Involuntary Employment


The struggle over money-wages is often believed to determine the general level of real wages.

Workers have an imperfect mobility.

  • Wages do not tend to an exact equality of net advantage in different occupations.
  • Anyone who accepts lower money-wages relative to others, will get lower real wages.
  • This makes workers resist it.

On the other hand, it would be impracticable to resist every reduction of real wages, due to inflation.

  • Workers do not resist this unless the inflation is extreme.

A resistance against lower money-wages does affect an increase in aggregate employment as a resistance against lower real wages does.

In other words, the struggle on money-wages primarily affects the distribution of the aggregate real wage between different labour-groups.

A union of a group of workers is for the protection of their relative real wage.

Workers unconsciously:

  • resist reductions of money-wages
  • do not resist reductions of real wages from increases in aggregate employment

These make them instinctively more reasonable than the Classical economists.

The Classical school says that unions will block any increase in aggregate employment.

  • But this is wrong because trade unions:
    • resist cuts in money-wages.
    • do not go on strike for every rise in the cost of living*.

*Superphysics Note: This is actually the weakness of working class that is subtly exploited by the profit and rent earning class

‘Involuntary’ unemployment does not mean the mere existence of an unexhausted capacity to work.

‘Frictional’ unemployment is not ‘involuntary’ unemployment.

A small rise in the price of consumer goods relative to the money wage can cause ‘involuntary’ unemployment when both of the following are greater than the existing volume of employment:

  • the aggregate supply of labour willing to work for the low value money-wage and
  • the aggregate demand for such labour at that low value wage

This means that the second postulate means:

  • ‘full’ employment, and
  • an absence of ‘involuntary’ unemployment.

[Marginal disutility of employment means workers refusing to work for slave wages.]

Therefore, “apparent unemployment” is the result of temporary loss of:

  • work of the ‘between jobs’ type or
  • intermittent demand for highly specialised resources or
  • the employment of free labour from the effect of a trade union ‘closed shop’

Thus Classical economists concluded that apparent unemployment is caused by a refusal by the unemployed to accept a reward* which corresponds to their marginal productivity.

*Superphysics Note: In a depression, real wages become slave wages due to the reduced total economic activity.

A classical economist may sympathise with workers refusing to accept lower money-wages. But such a condition is temporary. Scientific integrity forces him to declare that this refusal is the cause of the problem.

If the classical theory is only applicable to the case of full employment, it is wrong to apply it to the problems of involuntary unemploymen if there be such a thing.

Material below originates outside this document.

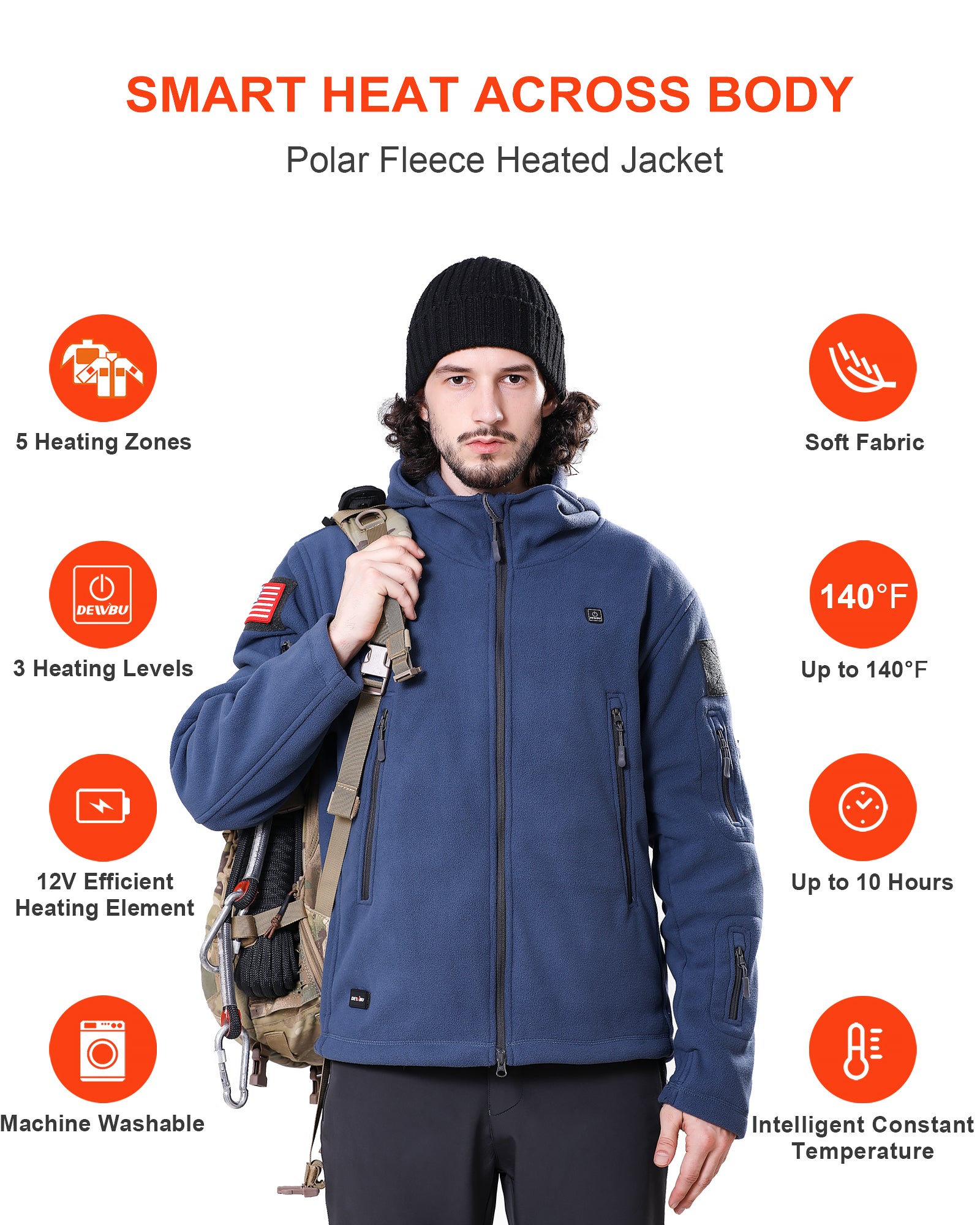 Men's Polar Fleece Heated Jacket With 12V Battery Pack - Blue Haze

The classical theorists resemble Euclidean geometers in a non-Euclidean world. They discover parallel lines often meet. They rebuke the lines for not keeping straight. But the real remedy is to throw away* the axiom of parallels and to work out a non-Euclidean geometry.

*Superphysics Note= Here Keynes blames Classical theory for staying with non-profit maximizing, non-monetary paradigm. He urges it to go with the current corrupted reality.

Something similar is required today in economics. We need to throw over the second postulate of the classical doctrine and to work out a system where involuntary unemployment is possible.